Paris, 07 Nov 2005
After five years of being the world's largest free-floating object, the B-15A iceberg has broken into smaller pieces off Antarctica's Cape Adare. ESA's Envisat satellite's Advanced Synthetic Aperture Radar (ASAR) is sensitive to ice, and has been tracking the movement of the drifting ice object continuously since the beginning of this year. Its latest imagery reveals the bottle-shaped iceberg split into nine knife-shaped icebergs and a myriad of smaller pieces on -28 October, the largest being formed by fractures along the long axis of the original single iceberg.
Measuring – until last week - around 115 kilometres in length with an area exceeding 2500 square kilometres, the B-15A tabular iceberg had apparently run aground off Cape Adare, the northernmost corner of the Victoria Land Coast. This stranding appears to have led to flexing and straining which resulted in the break-up. "The long knife-shaped pieces suggest the iceberg has split along existing lines of weakness within the iceberg," says Mark Drinkwater of ESA's Ocean and Ice Unit. "These would have been pre-existing fractures and crevasses in the ice shelf."
These new icebergs, named by the US National Oceanic and Atmospheric Administration (NOAA) National Ice Center, will retain their parent's title: the three largest island-sized pieces have been called B-15M, B-15N and B-15P.
B-15A was the largest remaining section of the even larger B-15 iceberg that calved from the nearby Ross Ice Shelf in March 2000 before breaking up into smaller sections off McMurdo Island.

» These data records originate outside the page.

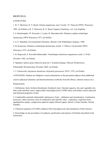 TECH-LAB: EXPERIMENT 31-ME. BIOFUELS. LITERATURE: 1. R. T. Morrison, R. N. Boyd: Chemia organiczna, tom 2 (rozdz. 33: Tłuszcze) PWN, Warszawa 1985. (in Polish) or R. T. Morrison, R. N. Boyd: Organic Chemistry, vol. 2.(in English). 2. S. Bredsznajder, W. Kawecki, J. Leyko, R. Marcinkowski: Podstawy ogólne technologii chemicznej, PWN Warszawa 1973. (in Polish) 3. S. E. Manahan: Environmental Chemistry, Brooks/ Cole Publishing Company, 1984. 4. H. Koneczny: Podstawy technologii chemicznej, (rozdz. V: Paliwa i ich przerób), PWN, Warszawa 1973. (in Polish) 5. R. Bogoczek, E. Kociołek-Balawejder: Technologia chemiczna organiczna, rozdz. 2, WAE, Wrocław 1992. (in Polish) 6. Spalanie i paliwa praca zbiorowa pod red. J. Kordylewskiego, Oficyna Wydawnicza Politechniki Wrocławskiej, Wrocław 2005. (in Polish) 7. J. Ciborowski: Inżynieria chemiczna. Inżynieria procesowa, WNT, 1973. (in Polish) ATTENTION: Student are obliged to search information on the presented subjects from additional sources (physical chemistry and thermochemistry textbooks from the library, internet sources etc.) Requirements 1. Definitions: fuels, biofuels (bioethanol, biodiesel), heat / thermal capacity, fats and vegetable oils, fatty acids and their esters, triglycerides (triacylglycerols), FAME (fatty acid methyl esters), physical and chemical properties of fats. 2. Combustible materials (flammable substances). Fuels – definition and classification. Combustion processes, chain reactions, heat of combustion and calorific value , explosions, explosion limit, sparkignition engine, compression-ignition engine (Diesel engine, diesel). Cetane Number, Octane Number. 3. Chemical equations of FAME synthesis from triacylglycerols and mechanism of this reaction. 4. Knowledge on the procedures of synthesis, purification and analysis of biofuels described in the instruction.
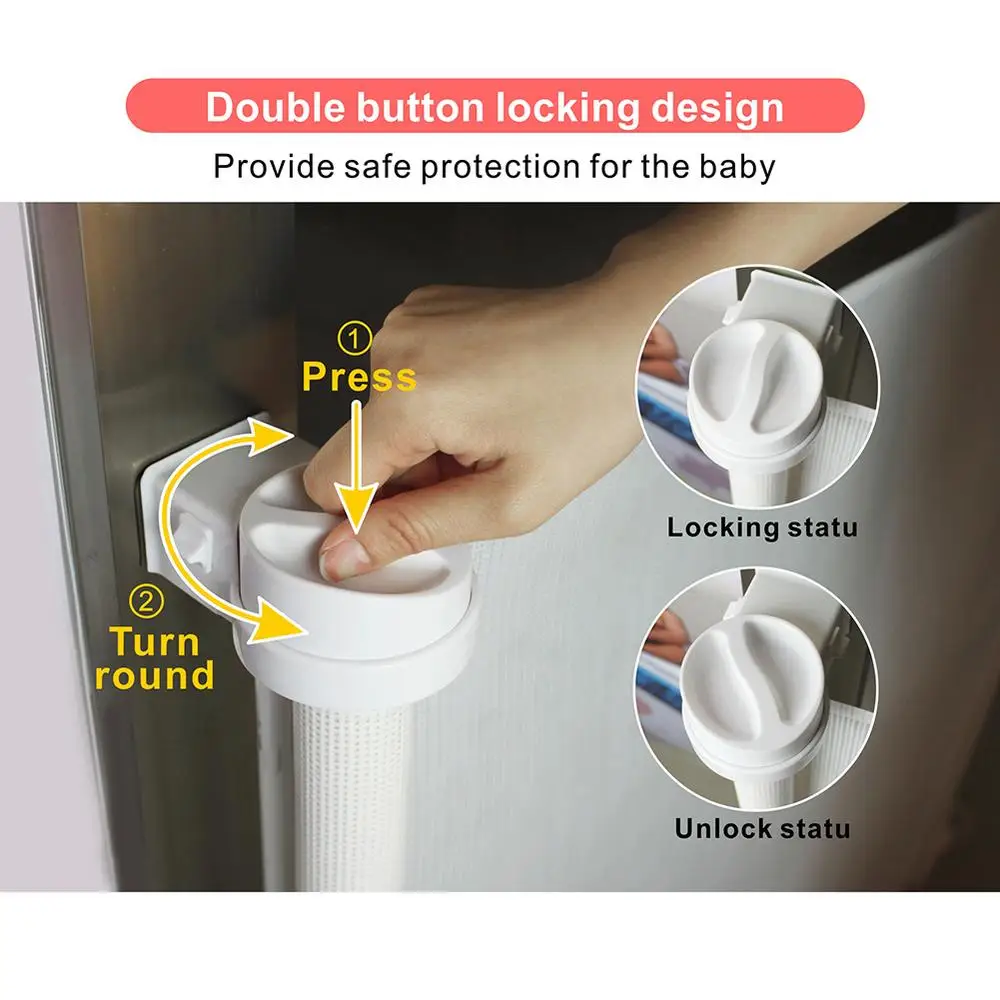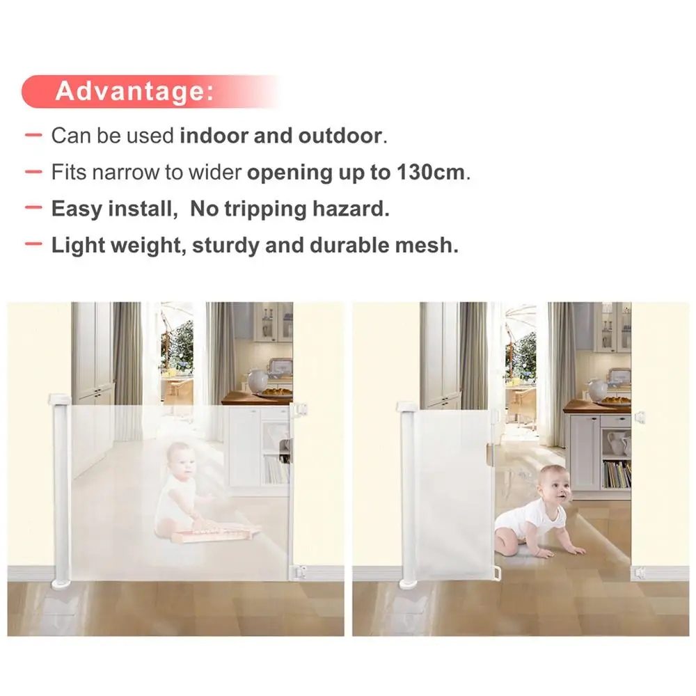 3. Telescopic design: The gate can be extended to about 51 inches wide and about 34 inches high. It can be adjusted according to any door/staircase width, up to about 51 inches. The net can be completely retracted when not in use, thus saving space.
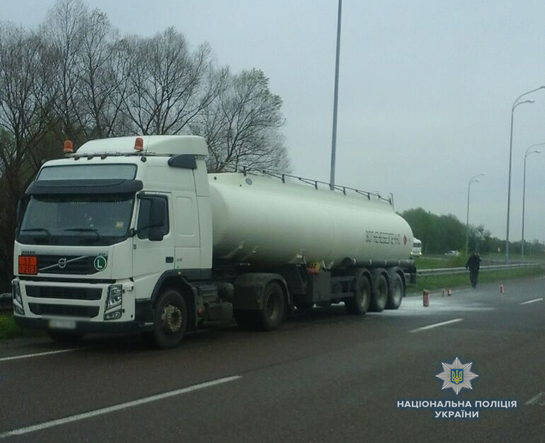 Виявивши на трасі зазначену автоцистерну, наряд групи реагування патрульної поліції направив її за межі населеного пункту, щоб не наражати на небезпеку інших водіїв.
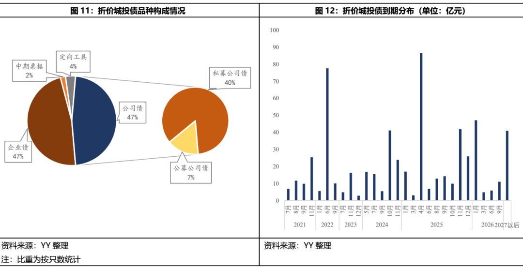 截至2021年4月9日,貴州折價城投債余額605.39億元,不考慮行權的情況下,2021年將到期54.32億元,占8.97%,大多數將在2022年(93.59億)、2024年(103.4億)及2025年(219.32億)集中到期,償債期限結構尚可。

Since then its B-15A section drifted into McMurdo Sound, where its presence blocked ocean currents and led to a build-up of sea ice that decimated local penguin colonies, deprived of open waters for feeding. During the spring of this year prevailing currents took B-15A slowly past the Drygalski ice tongue. A full-fledged collision failed to take place, but a glancing blow broke the end off Drygalski in mid-April.
The iceberg sailed on to have a less-destructive close encounter with the Aviator Glacier ice tongue at Lady Newnes Bay before becoming stranded off Cape Adare in mid-October. Radar monitoring of Antarctic ice ASAR is extremely useful for tracking changes in polar ice. ASAR can peer through the thickest polar clouds and work through local day and night. And because it measures surface texture, the instrument is also extremely sensitive to different types of ice – so the radar image clearly delineates the older, rougher surface of icebergs from surrounding sea ice, while optical sensors simply show a continuity of snow-covered ice.
Envisat's ASAR instrument monitors Antarctica in two different modes: Global Monitoring Mode (GMM) provides 400-kilometre swath one-kilometre resolution images, enabling rapid mosaicking of the whole of Antarctica to monitor changes in sea ice extent, ice shelves and iceberg movement. Wide Swath Mode (WSM) possesses the same swath but with 150-metre resolution for a detailed view of areas of particular interest.
ASAR GMM images are routinely provided to a variety of users including the National Ice Center, responsible for tracking icebergs worldwide.